Into YA with Hannah Capin

Today I have Hannah Capin on the blog to talk about her new book, out next Tuesday, called Foul Is Fair. I reviewed it a while back, so if you're looking for a recap or to learn more about the book, you can find that here. I also ask questions about her last book Dead Queen's Club and you can find that review here. Beyond that, enjoy my interview with Hannah! 

1) Your book has a very interesting tone. Jade's emotional state at the start of the book really comes out in the tone and the way Jade tells her story. Did that voice come to you from the start or was it something you had to cultivate?
The voice is usually the first thing that comes to me when I’m working on a new project, and FOUL IS FAIR was no exception! The very first bit I wrote wasn’t an outline or a character sketch: it was a scene, written in full, and it started with the line “Sweet sixteen is when the claws come out.” That’s still the first line of the book, and in fact the entire first chapter is almost unchanged from the scene I wrote late one evening in a coffee shop.
2) Both of your books revolve around murder, but they always have a twist and a deep layer of revenge with them. Would you ever consider writing a more straightforward murder mystery or thriller, or are these elements just things that sneak into the other story ideas you have?
Never say never! I plan to write for the rest of my life, and I won’t limit myself to any genre. But revenge is a theme I love to explore—especially through other themes like sisterhood, power dynamics, and what it means to be a teenage girl.

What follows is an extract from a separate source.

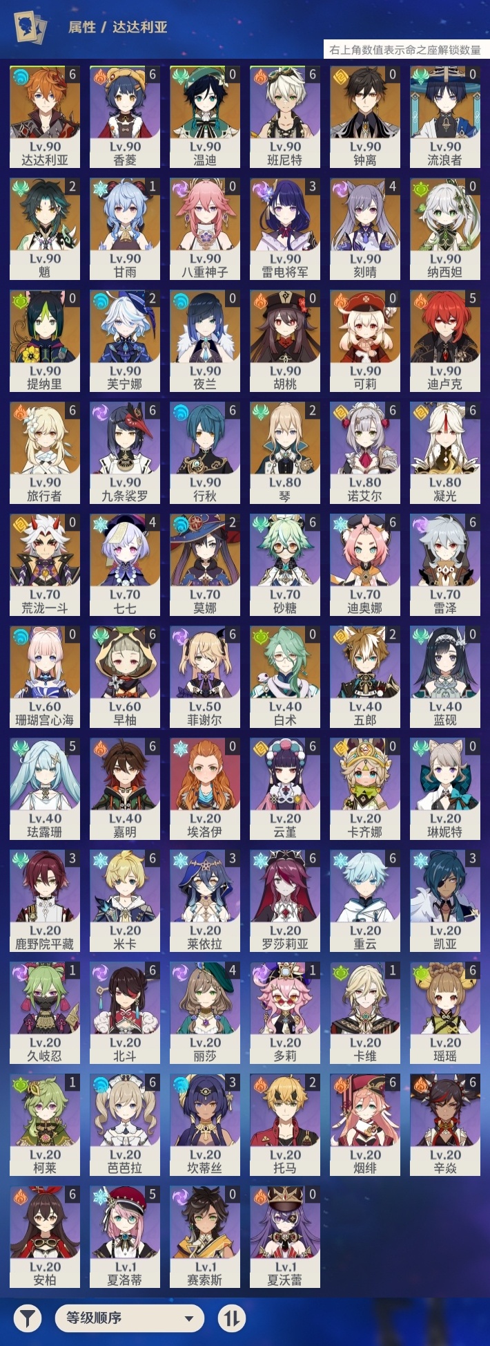 【原神】【lyys9258】冒险等级:60,五星数量:41,五星角色:达达利亚 6命迪卢克 5命刻晴 4命七七 4命雷电将军 3命芙宁娜 2命魈 2命莫娜 2命琴 2命甘雨 1命珊瑚宫心海白术温迪钟离荒泷一斗八重神子夜兰提纳里纳西妲流浪者胡桃可莉__五星武器:冬极白星 5精和璞鸢 4精无工之剑 3精苇海信标静水流涌之辉裁叶萃光阿莫斯之弓护摩之杖狼的末路磐岩结绿四风原典天空之卷天空之翼薙草之稻光终末嗟叹之诗赤角石溃杵息灾千夜浮梦__四星角色:班尼特 6命行秋 6命九条裟罗 6命香菱 6命凝光 6命迪奥娜 6命砂糖 6命瑶瑶 6命米卡 6命芭芭拉 6命云堇 6命早柚 6命烟绯 6命重云 6命辛焱 6命诺艾尔 6命罗莎莉亚 6命雷泽 6命菲谢尔 6命北斗 6命嘉明 6命珐露珊 5命夏洛蒂 5命鹿野院平藏 3命莱依拉 3命坎蒂丝 3命托马 2命五郎 2命久岐忍 1命多莉 1命柯莱 1命卡维 1命埃洛伊卡齐娜蓝砚琳妮特夏沃蕾赛索斯

3) I did want to ask you a question about Dead Queen's Club because I'm still obsessed with the idea of a modernized, high school King Henry VIII historical retelling. Where did that idea stem from? Were you a major European history fan or just intrigued by the story? Was it difficult to balance using pieces from the source material and taking your own liberties since your story is so distant from the history? Was it easier or more difficult to head into Foul Is Fair with a completely original story? 
I’ve been obsessed with the six wives, and especially Katheryn Howard, since I read a novel about Elizabeth I when I was in middle school. As an adult, having read a lot more about the Tudor era—from highly fictionalized books to dense biographies—my love for Katheryn Howard continued, and I found myself wanting to change the narrative about her. The rest of the wives have been more or less rehabilitated in the eyes of both academia and pop culture, but Katheryn Howard still gets written off as having “had it coming”—there’s a well-respected biographer who refers to her as “empty-headed” and a “wanton floozy.” She was a teenage girl flung into a situation in which she was doomed from the start, and every contemporary source suggests she took her role as queen very seriously and was also just a delightful, generous, earnest person. I set out writing THE DEAD QUEENS CLUB to challenge the narrative on Katheryn Howard and to deconstruct the cultural norms that allow us to keep slut-shaming and victim-blaming a teenage girl who was murdered 500 years ago.
In terms of balancing history and taking liberties, it was sometimes challenging since I didn’t want to leave anything out—but it was fun figuring out how to translate one world into another, and how to sneak nods to historical detail into the book without disrupting the narrative for readers who weren’t as familiar with the era. (For example, I fit all six queens’ mottos, as well as Henry VIII’s motto, into the text!)
Every book is different, and FOUL IS FAIR was definitely more straightforward from a plotting perspective. It’s also a much shorter book: it’s just under 80,000 words, while THE DEAD QUEENS CLUB is nearly 100,000—quite long for a YA contemporary.